April 1 (Bloomberg) -- Hess Corp. agreed to sell Russian subsidiary Samara-Nafta to OAO Lukoil for $2.05 billion in the biggest divestiture ever by the New York-based oil explorer.
Hess expects proceeds of $1.8 billion for its 90 percent stake in Samara-Nafta, the company said in a statement today. The transaction brings the combined after-tax value of assets Hess has agreed to sell this year to $3.4 billion.
Hess has been selling oil fields, storage terminals and other assets from Texas to the North Sea as Chairman and Chief Executive Officer John Hess narrows the company’s focus to crude exploration and production. The actions by the son of founder Leon Hess come as the company faces pressure from activist shareholder Elliott Management Corp. to spin off or sell assets and replace board members.
The sale “is another positive step in their restructuring,” Brian Youngberg, an analyst at Edward Jones & Co. in St. Louis, said in a phone interview today. “The company is focused on becoming smaller and more nimble. It was too far-flung around the world.”
Hess rose 2.7 percent to $73.54 at the close in New York. The shares have increased 39 percent this year.
Hess acquired its stake in Samara-Nafta when it bought a 65 percent interest in Trabant Holdings International for $25 million in 2005. The sale announced today is the largest ever for Hess, according to data compiled by Bloomberg.
The company, which has been criticized by Paul Singer’s Elliott Management for “unrelenting underperformance,” has also announced plans to sell its gasoline stations and terminals business and exit energy trading. Elliot Sloane, an Elliott Management spokesman who works for Sloane & Co., had no comment on the announcement.
Simon Kukes, holder of the other 10 percent of Samara-Nafta, has also agreed to sell to Lukoil, Jon Pepper, a spokesman for Hess, said in an e-mail.

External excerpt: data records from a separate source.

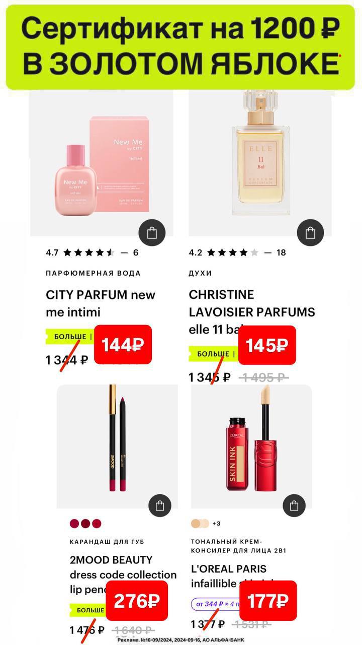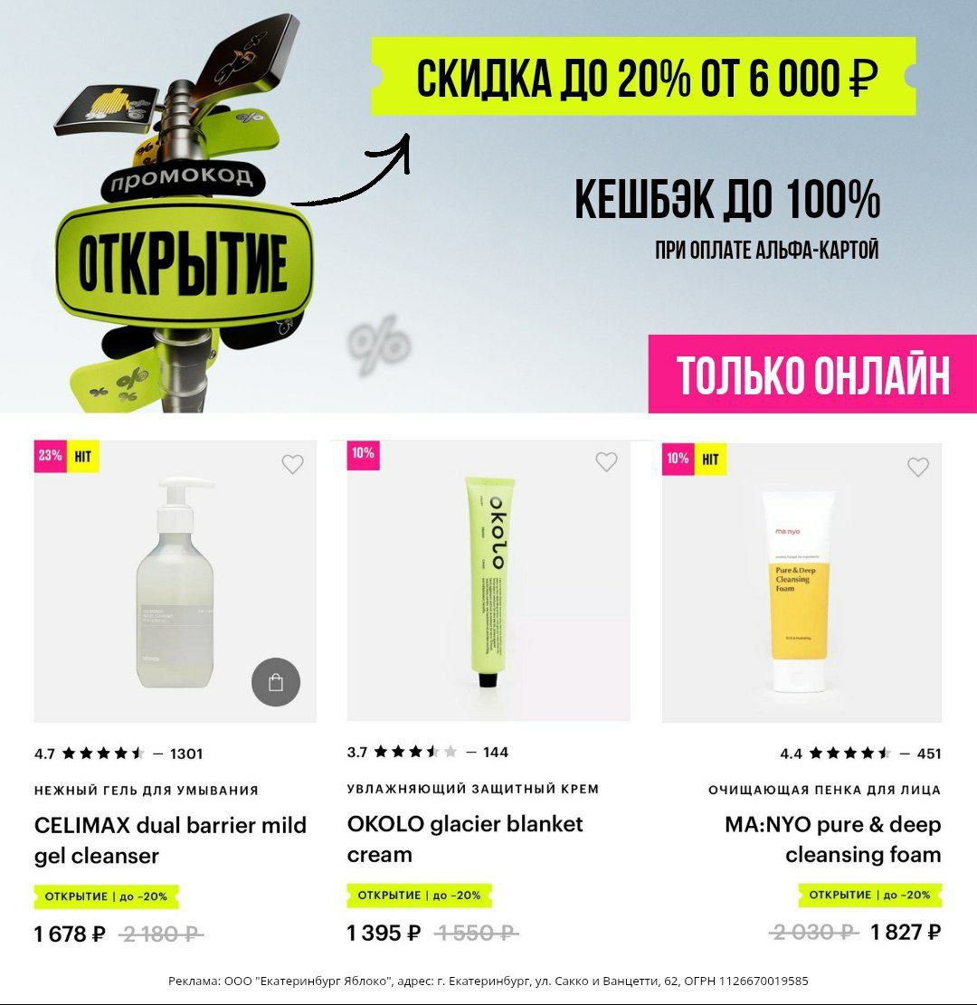 Промокод действует только для авторизованных пользователей, не суммируется со скидками выше −40%, акциями 3=2, 2=1 и подарками при покупке, не действует при покупке пластиковых подарочных карт и электронных подарочных карт Золотое Яблоко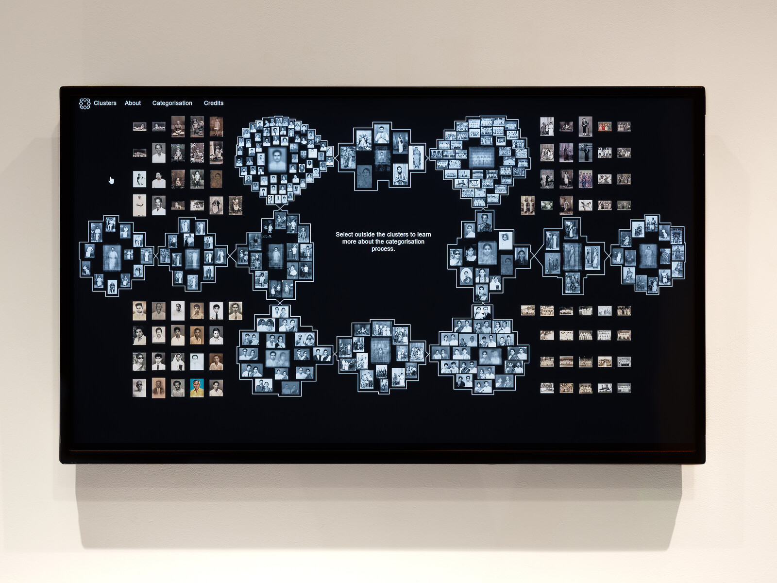 Living within the algorithmic structures of the internet, we may begin to identify with the subjects of the photographs. We see ourselves becoming datapoints: tracked, categorized, manipulated. By simultaneously embodying these two approaches to the archive—as a source of knowledge and an oppressive technology—“A·kin” articulates the trade-off which defines virtual life: you can have access to seemingly unlimited information and connection if you accept equally extensive surveillance and control.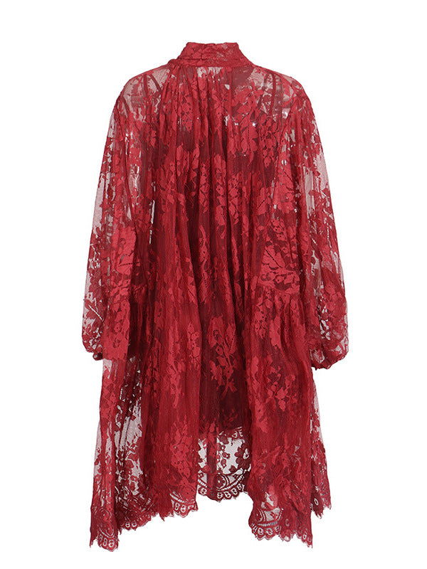 Dadizhimu Beauty Tea Break Dress 2025 Spring New Hollow Lace Loose Swing Long Sleeve Ribbon Dress Dress Woman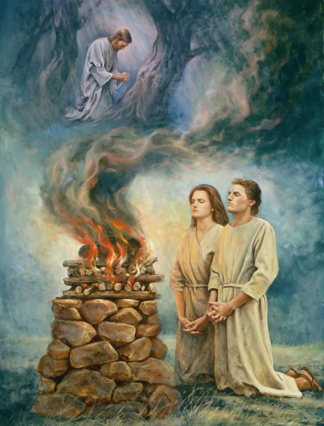 接着圣书记载了亚当和夏娃很快有了自己的孩子——该隐和亚伯。而且这两位也都懂得要到伊甸园门外来献祭。亚伯带着自己羊群中头生的和羊的脂油献上,而该隐却拿着地里的出产来献给耶和华。亚伯的祭带着血带着生命,是一个赎罪祭;而该隐所献的祭没有鲜血,只是一个感恩祭,没有生命,没有赎罪。他是把自己的劳动成果直接拿来献祭,在上帝面前表明自己的行为所带来的果实,没有羔羊牺牲所带来的认罪悔改的行为。所以,该隐所献的祭没有被上帝所接纳。我们从这件事情上可以知道,上帝当时给了亚当一个完整的献祭制度,不然他的这两个孩子就不会知道该怎样献祭才符合上帝规定的程序。虽然圣书没有用详细的文字记载整个献祭的体系,但是通过该隐和亚伯的献祭活动,我们就可以知道的确有一套完整的仪文律法与献祭制度启示给了亚当,并且由亚当传给他的后裔。

Lukoil fell 1.3 percent to 1,976.60 rubles at the close of trading in Moscow. The company is seeking to expand and increase production after halting oil output declines last year. It won a state auction to tap Siberia’s Imilor field and is developing assets in Russia’s Caspian Sea.
Samara-Nafta produces the equivalent of about 50,000 barrels of crude a day, according to a statement from Moscow-based Lukoil. The purchase price amounts to $3.40 a barrel of reserves, based on Russian parameters, and the deal requires approval from the nation’s anti-monopoly agency, Lukoil said.
“We have acquired a quality asset with long-term growth potential in a region that has some of the most highly developed infrastructure in the country,” Vagit Alekperov, CEO of Lukoil and its largest shareholder, said in the statement.
“The price seems a bit high and reflects Lukoil’s desperate search for new assets,” Ildar Davletshin, a Moscow-based oil and gas analyst at Renaissance Capital Ltd., said in a phone interview. A large number of the company’s fields have tax breaks as they are depleted and high viscosity, he said.